What we can do instead is to first introduce all the quantified variables and
then re-generalize one or more of them, selectively taking variables out of the
context and putting them back at the beginning of the goal. The generalize
dependent tactic does this.

Theorem double_injective_take2 : ∀n m,
     double n = double m -> n = m.
Proof.
  intros n m. (* n and m are both in the context *) generalize dependent n. (*
  Now n is back in the goal and we can do induction on
     m and get a sufficiently general IH. *)
  induction m as [| m']. - (* m = Z *) simpl. intros n eq. destruct n as [| n'].
    + (* n = Z *) reflexivity. + (* n = S n' *) inversion eq.
  - (* m = S m' *) intros n eq. destruct n as [| n'].
    + (* n = Z *) inversion eq. + (* n = S n' *) apply f_equal.
      apply IHm'. inversion eq. reflexivity. Qed.

Let's look at an informal proof of this theorem. Note that the proposition we
prove by induction leaves n quantified, corresponding to the use of generalize
dependent in our formal proof.

_Theorem_: For any nats n and m, if double n = double m, then n = m.

_Proof_: Let m be a Nat. We prove by induction on m that, for any n, if double n
= double m then n = m.

  - First, suppose m = 0, and suppose n is a number such that double n = double
    m. We must show that n = 0.

    Since m = 0, by the definition of double we have double n = 0. There are two
    cases to consider for n. If n = 0 we are done, since m = 0 = n, as required.
    Otherwise, if n = S n' for some n', we derive a contradiction: by the
    definition of double, we can calculate double n = S (S (double n')), but
    this contradicts the assumption that double n = 0.

  - Second, suppose m = S m' and that n is again a number such that double n =
    double m. We must show that n = S m', with the induction hypothesis that for
    every number s, if double s = double m' then s = m'.

    By the fact that m = S m' and the definition of double, we have double n = S
    (S (double m')). There are two cases to consider for n.

    If n = 0, then by definition double n = 0, a contradiction.

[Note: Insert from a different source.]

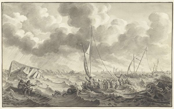 Curator: Welcome. Before us hangs Pieter Idserts’s drawing "Zeegezicht," dating from the 18th century. A subtle, captivating work rendered in pencil. Editor: It’s...restless. Even in the grayscale, the water roils with energy. I feel the dampness in the air, the struggle of those distant ships against the elements. Curator: I agree, it conveys that feeling exceptionally well. Consider the physicality of drawing itself; graphite on paper is a deliberate act, each stroke responsive to the surface, pressure, and intent. I wonder, what paper would Idserts have used? Did the texture influence his rendering of those churning waves? Editor: Probably. It wasn’t cheap, decent drawing paper. A sketch like this would’ve been an exercise, perhaps a study for a larger work or a commission of some kind? Look how meticulously he’s defined the cloud forms. Curator: I find the tonal range fascinating. There’s almost an absence of truly deep black; the grays breathe, giving the scene an atmospheric perspective that heightens the vastness of the sea. Editor: True, it feels boundless, all-encompassing, but notice the way the horizon line isn't straight and how that suggests the fragility of human endeavors against this maritime immensity. I can imagine it reflects how a ship builder like Idserts might observe such dangers but see the beauty nonetheless. Curator: That touch of humanity amidst all that turmoil! Also notice how lightly he’s rendered the distant coastline compared to the energy of the immediate waves. Editor: Maybe those vessels were fishing boats from Idserts's own locality; for an artisan like him, this seascape becomes less of a detached romantic spectacle and more a direct representation of their workplace and livelihood, and perhaps an exercise in capturing it realistically. Curator: Absolutely, there's that personal connection woven into the work. Seeing through that lends depth to the sea that stretches before us. Editor: Well, I'm off to imagine building model ships to weather my own storms today! Thanks, Pieter!
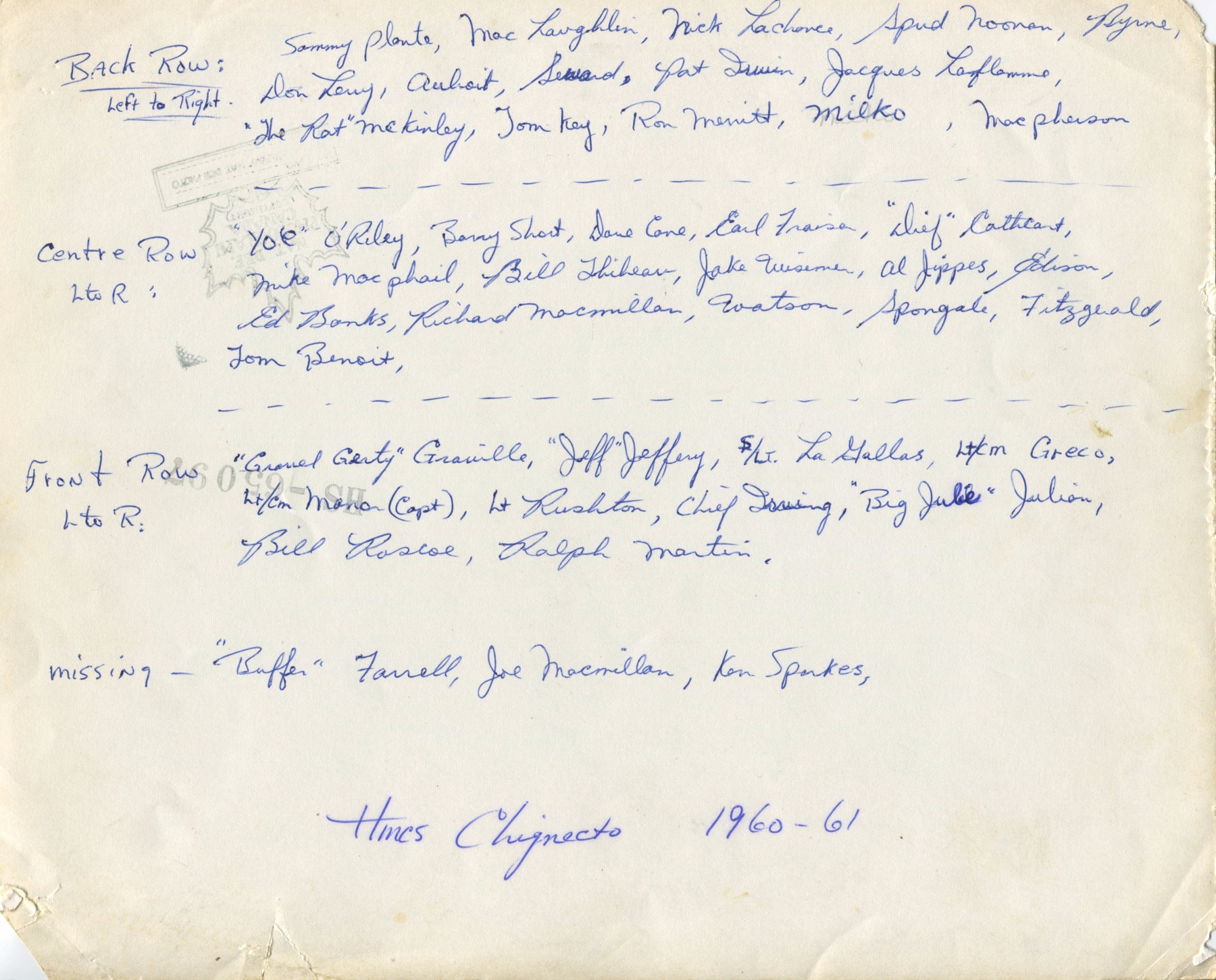 (11) O'Riely (Yoe) (12) Short, barry (13) Cane, Dave (14) Fraiser, Earl (15) Cathcart (Dief) (16) Macphail, Mike (17) Thibeau, Bill (18) Wisemer, Jake (19) Jippes, Al (20) Edison, William (Bill) (21) Banks, Ed (22) Macmillan, Richard (23) Watson (24) Spongale (25) Fitzgerald (26) Benoit, Tom

    Thus, we may assume that n = S n' for some n', and again by the definition
    of double we have S (S (double n')) = S (S (double m')), which implies by
    inversion that double n' = double m'. Instantiating the induction hypothesis
    with n' thus allows us to conclude that n' = m', and it follows immediately
    that S n' = S m'. Since S n' = n and S m' = m, this is just what we wanted
    to show. $\square$

Before we close this section and move on to some exercises, let's digress
briefly and use \idr{beq_nat_true} to prove a similar property of identifiers
that we'll need in later chapters:

> data Id : Type where
>   MkId : Nat -> Id

> beq_id : (x1, x2 : Id) -> Bool
> beq_id (MkId n1) (MkId n2) = n1 == n2

> beq_id_true : beq_id x y = True -> x = y
> beq_id_true {x=MkId x'} {y=MkId y'} prf =
>   rewrite beq_nat_true {n=x'} {m=y'} prf in Refl


=== Exercise: 3 stars, recommended (gen_dep_practice)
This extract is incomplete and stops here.